***** Data to examine *****
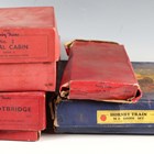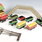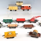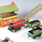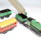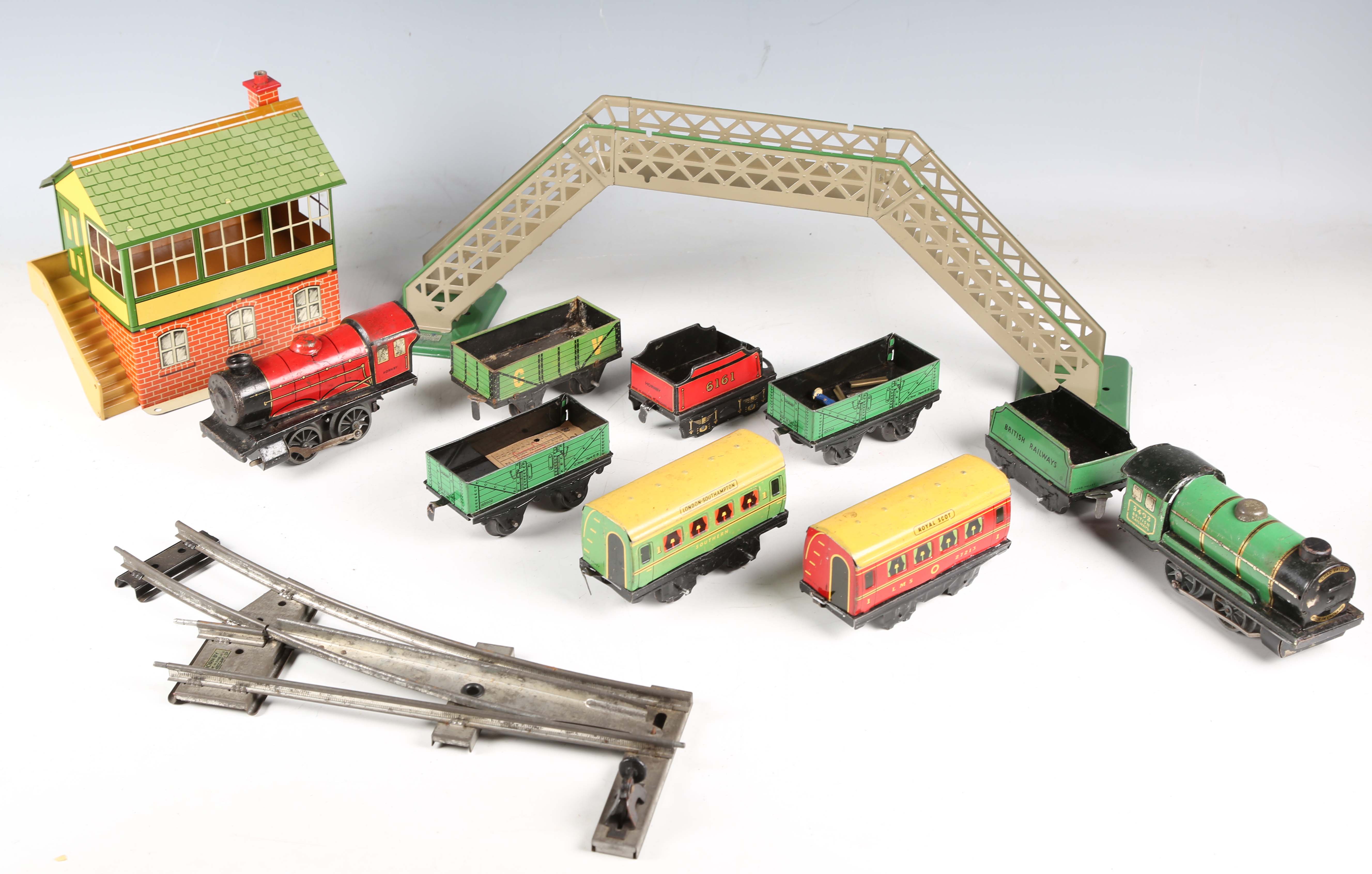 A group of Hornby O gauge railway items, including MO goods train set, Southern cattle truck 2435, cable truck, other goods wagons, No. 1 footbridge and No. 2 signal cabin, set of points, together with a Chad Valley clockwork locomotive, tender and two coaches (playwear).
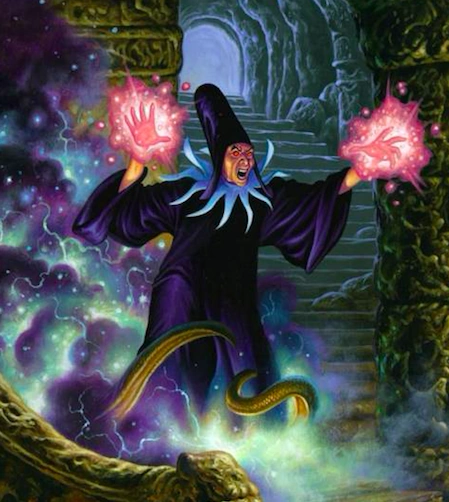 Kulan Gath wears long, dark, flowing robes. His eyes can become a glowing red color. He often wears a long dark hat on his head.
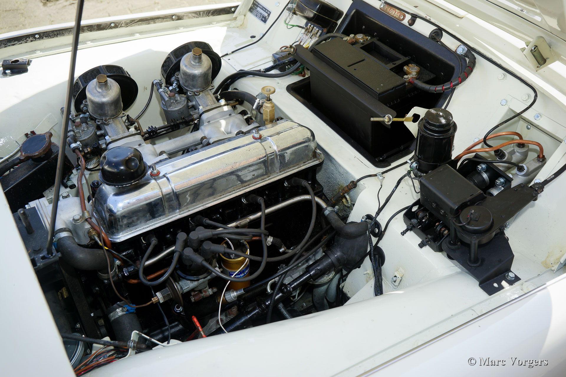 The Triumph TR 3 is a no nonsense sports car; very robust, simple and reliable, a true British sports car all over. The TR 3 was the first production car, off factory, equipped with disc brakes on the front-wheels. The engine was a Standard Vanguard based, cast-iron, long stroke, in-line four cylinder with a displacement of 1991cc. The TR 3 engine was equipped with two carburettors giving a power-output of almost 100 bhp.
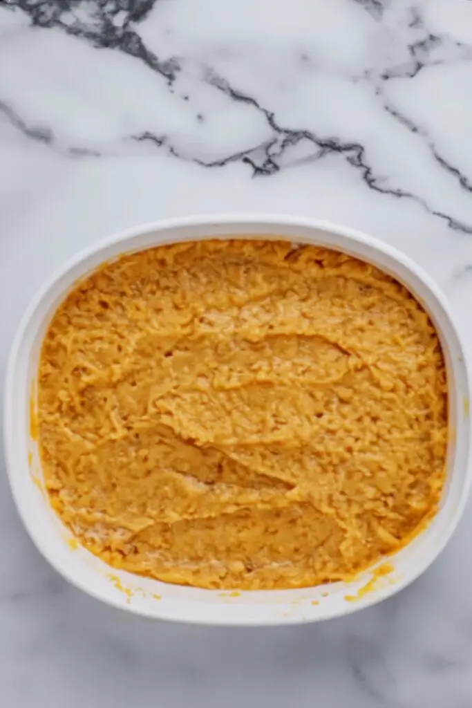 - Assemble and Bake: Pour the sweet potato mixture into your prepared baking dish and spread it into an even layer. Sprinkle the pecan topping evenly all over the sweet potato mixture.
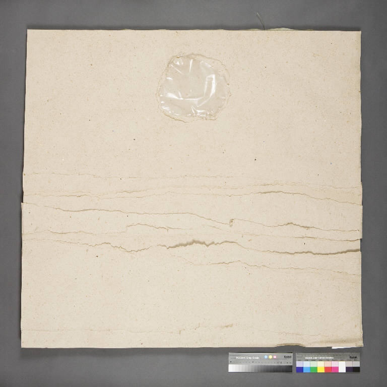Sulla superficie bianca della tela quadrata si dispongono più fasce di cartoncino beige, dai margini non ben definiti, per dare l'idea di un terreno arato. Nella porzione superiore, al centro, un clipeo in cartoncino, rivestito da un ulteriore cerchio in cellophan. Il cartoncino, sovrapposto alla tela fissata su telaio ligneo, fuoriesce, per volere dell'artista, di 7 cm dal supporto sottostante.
*****
▶ **Work instructions**
Transcribe each record above exactly, leaving every picture out of the copy.

▶ **Answer to this exercise**
 A group of Hornby O gauge railway items, including MO goods train set, Southern cattle truck 2435, cable truck, other goods wagons, No. 1 footbridge and No. 2 signal cabin, set of points, together with a Chad Valley clockwork locomotive, tender and two coaches (playwear).
 Kulan Gath wears long, dark, flowing robes. His eyes can become a glowing red color. He often wears a long dark hat on his head.
 The Triumph TR 3 is a no nonsense sports car; very robust, simple and reliable, a true British sports car all over. The TR 3 was the first production car, off factory, equipped with disc brakes on the front-wheels. The engine was a Standard Vanguard based, cast-iron, long stroke, in-line four cylinder with a displacement of 1991cc. The TR 3 engine was equipped with two carburettors giving a power-output of almost 100 bhp.
 - Assemble and Bake: Pour the sweet potato mixture into your prepared baking dish and spread it into an even layer. Sprinkle the pecan topping evenly all over the sweet potato mixture.
Sulla superficie bianca della tela quadrata si dispongono più fasce di cartoncino beige, dai margini non ben definiti, per dare l'idea di un terreno arato. Nella porzione superiore, al centro, un clipeo in cartoncino, rivestito da un ulteriore cerchio in cellophan. Il cartoncino, sovrapposto alla tela fissata su telaio ligneo, fuoriesce, per volere dell'artista, di 7 cm dal supporto sottostante.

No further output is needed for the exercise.